#### [AIM OF THE TASK]
Copy the entries exactly. Leave out any pictures.
-- GIVEN DATA follows --
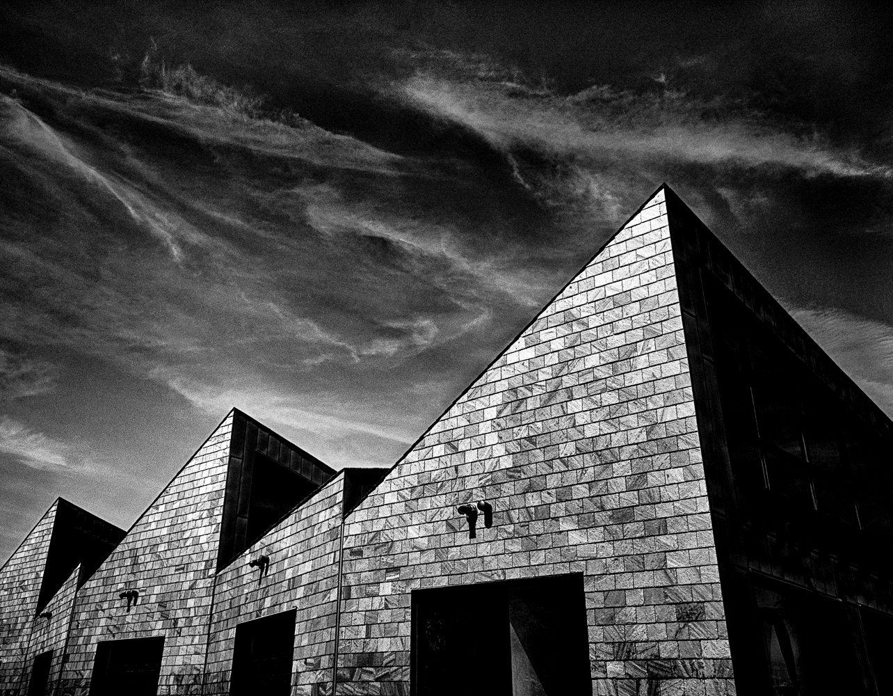 Hello Don - I love how you contrast the angular shapes of the building and roughness of the (wooden?) tiles with the fluffiness of the clouds. I am so interested in this picture that I took the liberty of doing my own slight edits. I cropped it on the left to only have the three main roofs. I also darkened the darks and shadows to reduce the emphasis on the windows and strengthen the geometric shapes to squares and triangles against a fluffy sky. Note sure that I was all that successful though. It was really an experiment for me ;)
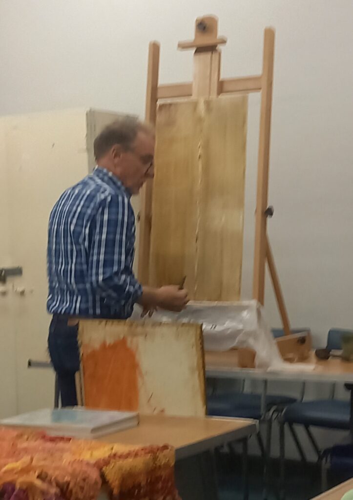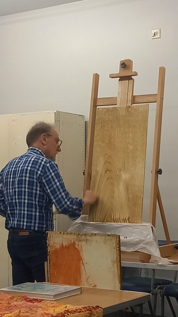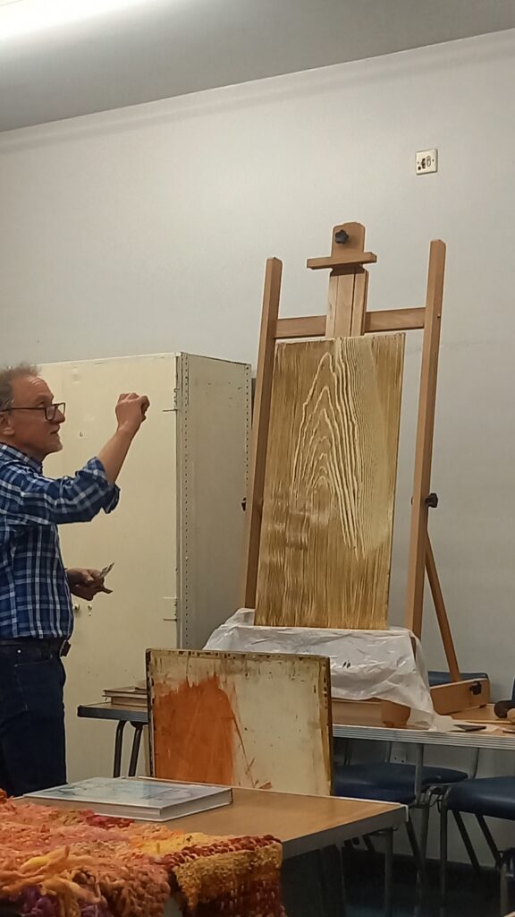 He then showed examples of hand-painted ‘marble’ panels and proceeded to give a fascinating demo, creating a variety of wood grains on a panel using oil paint and a number of simple tools… the knowledge and expertise Steve has is superb.
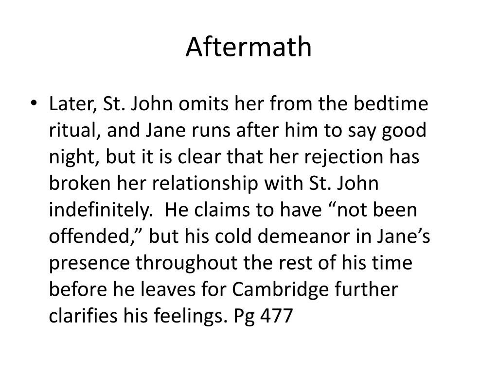 Aftermath • Later, St. John omits her from the bedtime ritual, and Jane runs after him to say good night, but it is clear that her rejection has broken her relationship with St. John indefinitely. He claims to have “not been offended,” but his cold demeanor in Jane’s presence throughout the rest of his time before he leaves for Cambridge further clarifies his feelings. Pg 477
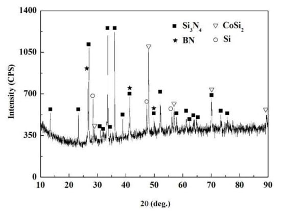 The SiCo38 alloy was applied to weld the porous BN/Si3N4 ceramic at 1320 °C for 10 min. Figure 2 illustrates the joint micrographs. The joint areas were homogeneous and no obvious new phase was observed. Figure 3 reveals the X-ray diffraction (XRD) results of the joint and it can be concluded that Si3N4, BN, CoSi2, and Si are present in the joint. Energy spectrum analysis (EDS) of the corresponding in Figure 2b was carried out and the results are given in Table 1. From the combination of the XRD and EDS data, it can be deduced that the phases of the A, B, and C locations in Figure 2b are CoSi2, Si, and Si3N4, respectively. The above results indicate that no new phase is formed in the joint.
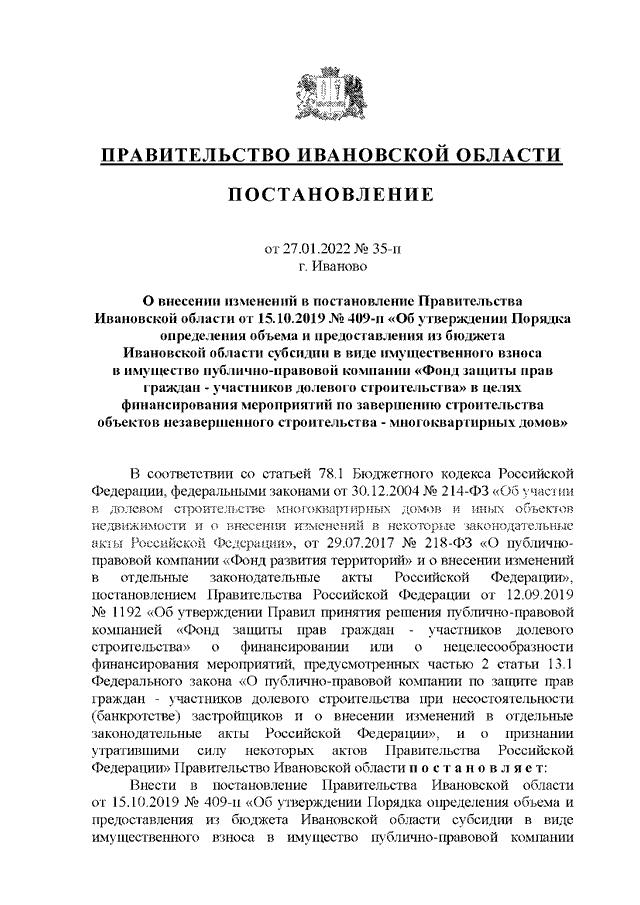 Постановление Правительства Ивановской области от 27.01.2022 N 35-п "О внесении изменений в постановление Правительства Ивановской области от 15.10.2019 N 409-п "Об утверждении Порядка определения объема и предоставления из бюджета Ивановской области субсидии в виде имущественного взноса в имущество публично-правовой компании "Фонд защиты прав граждан - участников долевого строительства" в целях финансирования мероприятий по завершению строительства объектов незавершенного строительства - многоквартирных домов"
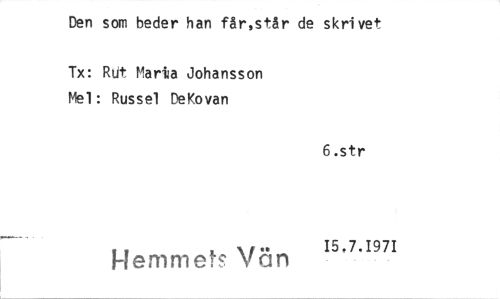 //// Den som beder han får,står de skrivet //// Tx: Rtjt Marta Johansson Mel: Russel DeKovan //// 6.str //// Hemmets Vän 15,7.1971 ////
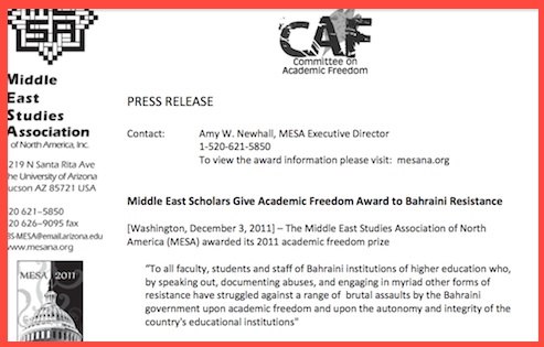 مرآة البحرين: أعلنت جمعية دراسات الشرق الأوسط في أميركا الشمالية (MESA) منح جائزتها للحرية الأكاديمية لهذا العام 2011 إلى أعضاء المؤسسات التعليمية في البحرين الذين تحدثوا عن الانتهاكات.
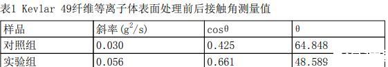 测量结果如下表所示,测量结果为三次平行样的平均值。可见经等离子体表面处理后,芳纶纤维与水的表面接触角降低16°,润湿性提高。
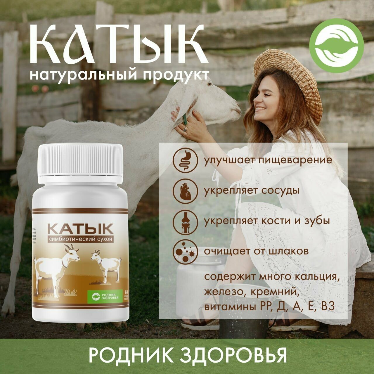 | Состав | Состав: молоко сухое козье, молоко сухое обезжиренное, сыворотка сухая молочная, заквасочные микроорганизмы (Lactobacillus acidophilus, Lactococcus lactis subsp. lactis, Lactococcus lactis subsp. lactis biovar diacetylactis, Leuconostoc, Lactobacillus delbrueckii subsp. Bulgaricus, Streptococcus thermophilus). |
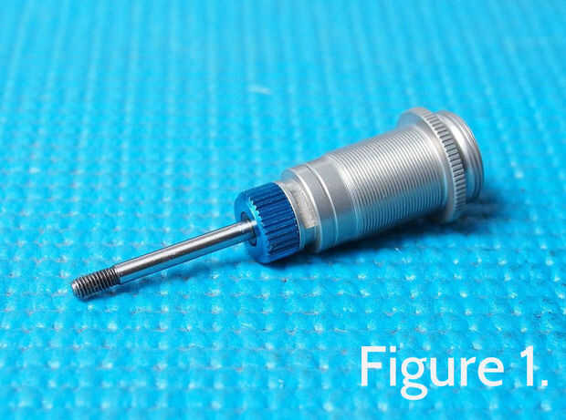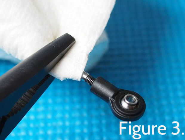 3. El eje de agarre con unas pinzas y enrosque el extremo de la varilla en hasta hilos no son visibles. (Figura 3). Nota: Si no utilizas pinzas de eje de choque es importante cubrir el eje con algo para evitar rayarlo. Una toalla de papel había doblada sobre sí misma un par de veces funciona bien.
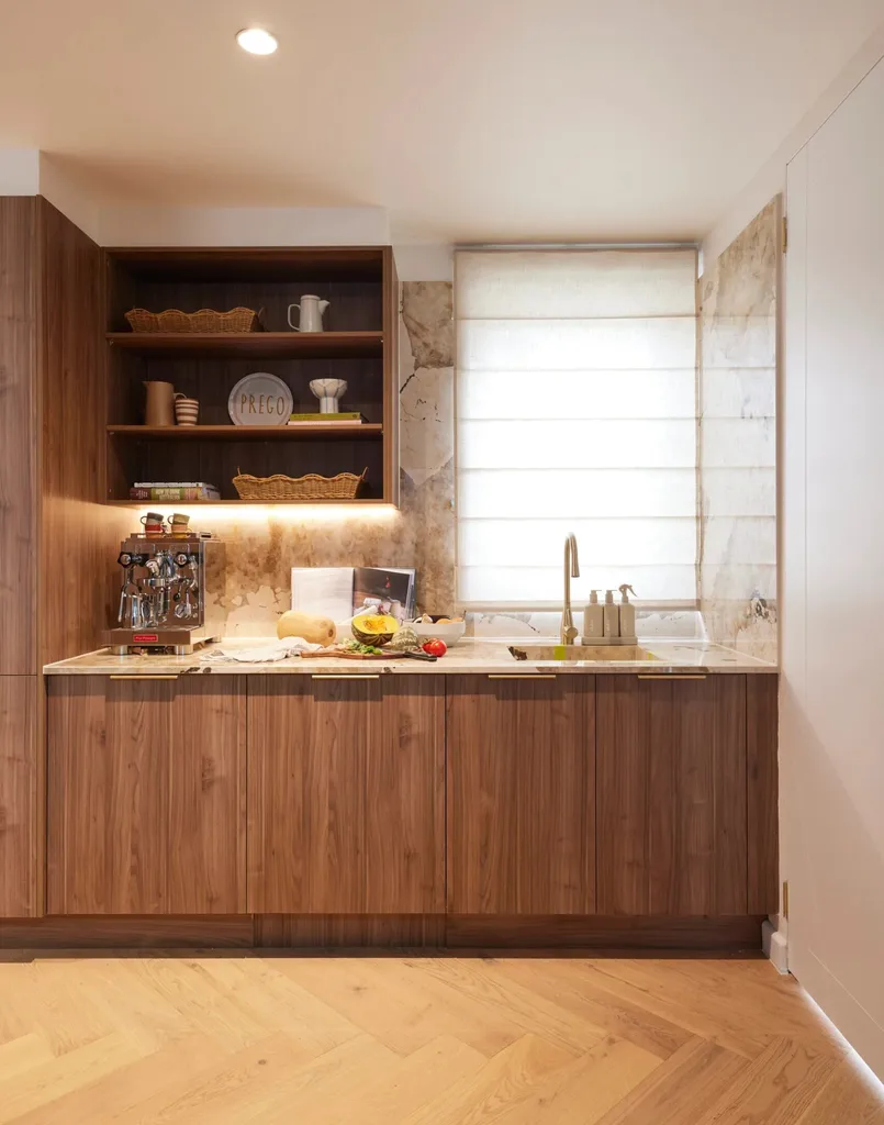 “Yum, yum, yum,” Darren said of the warmth and materiality in the neutral-toned kitchen.
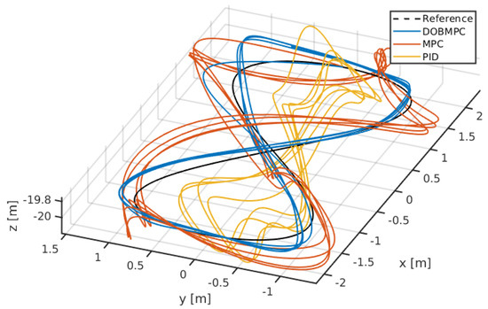 Three-dimensional lemniscate trajectory tracking results of the proposed DOBMPC, baseline MPC, and PID controllers.
-- GIVEN DATA concluded --
#### [ANSWER FOR THIS EXERCISE]
 Hello Don - I love how you contrast the angular shapes of the building and roughness of the (wooden?) tiles with the fluffiness of the clouds. I am so interested in this picture that I took the liberty of doing my own slight edits. I cropped it on the left to only have the three main roofs. I also darkened the darks and shadows to reduce the emphasis on the windows and strengthen the geometric shapes to squares and triangles against a fluffy sky. Note sure that I was all that successful though. It was really an experiment for me ;)
 He then showed examples of hand-painted ‘marble’ panels and proceeded to give a fascinating demo, creating a variety of wood grains on a panel using oil paint and a number of simple tools… the knowledge and expertise Steve has is superb.
 Aftermath • Later, St. John omits her from the bedtime ritual, and Jane runs after him to say good night, but it is clear that her rejection has broken her relationship with St. John indefinitely. He claims to have “not been offended,” but his cold demeanor in Jane’s presence throughout the rest of his time before he leaves for Cambridge further clarifies his feelings. Pg 477
 The SiCo38 alloy was applied to weld the porous BN/Si3N4 ceramic at 1320 °C for 10 min. Figure 2 illustrates the joint micrographs. The joint areas were homogeneous and no obvious new phase was observed. Figure 3 reveals the X-ray diffraction (XRD) results of the joint and it can be concluded that Si3N4, BN, CoSi2, and Si are present in the joint. Energy spectrum analysis (EDS) of the corresponding in Figure 2b was carried out and the results are given in Table 1. From the combination of the XRD and EDS data, it can be deduced that the phases of the A, B, and C locations in Figure 2b are CoSi2, Si, and Si3N4, respectively. The above results indicate that no new phase is formed in the joint.
 Постановление Правительства Ивановской области от 27.01.2022 N 35-п "О внесении изменений в постановление Правительства Ивановской области от 15.10.2019 N 409-п "Об утверждении Порядка определения объема и предоставления из бюджета Ивановской области субсидии в виде имущественного взноса в имущество публично-правовой компании "Фонд защиты прав граждан - участников долевого строительства" в целях финансирования мероприятий по завершению строительства объектов незавершенного строительства - многоквартирных домов"
 //// Den som beder han får,står de skrivet //// Tx: Rtjt Marta Johansson Mel: Russel DeKovan //// 6.str //// Hemmets Vän 15,7.1971 ////
 مرآة البحرين: أعلنت جمعية دراسات الشرق الأوسط في أميركا الشمالية (MESA) منح جائزتها للحرية الأكاديمية لهذا العام 2011 إلى أعضاء المؤسسات التعليمية في البحرين الذين تحدثوا عن الانتهاكات.
 测量结果如下表所示,测量结果为三次平行样的平均值。可见经等离子体表面处理后,芳纶纤维与水的表面接触角降低16°,润湿性提高。
 | Состав | Состав: молоко сухое козье, молоко сухое обезжиренное, сыворотка сухая молочная, заквасочные микроорганизмы (Lactobacillus acidophilus, Lactococcus lactis subsp. lactis, Lactococcus lactis subsp. lactis biovar diacetylactis, Leuconostoc, Lactobacillus delbrueckii subsp. Bulgaricus, Streptococcus thermophilus). |
 3. El eje de agarre con unas pinzas y enrosque el extremo de la varilla en hasta hilos no son visibles. (Figura 3). Nota: Si no utilizas pinzas de eje de choque es importante cubrir el eje con algo para evitar rayarlo. Una toalla de papel había doblada sobre sí misma un par de veces funciona bien.
 “Yum, yum, yum,” Darren said of the warmth and materiality in the neutral-toned kitchen.
 Three-dimensional lemniscate trajectory tracking results of the proposed DOBMPC, baseline MPC, and PID controllers.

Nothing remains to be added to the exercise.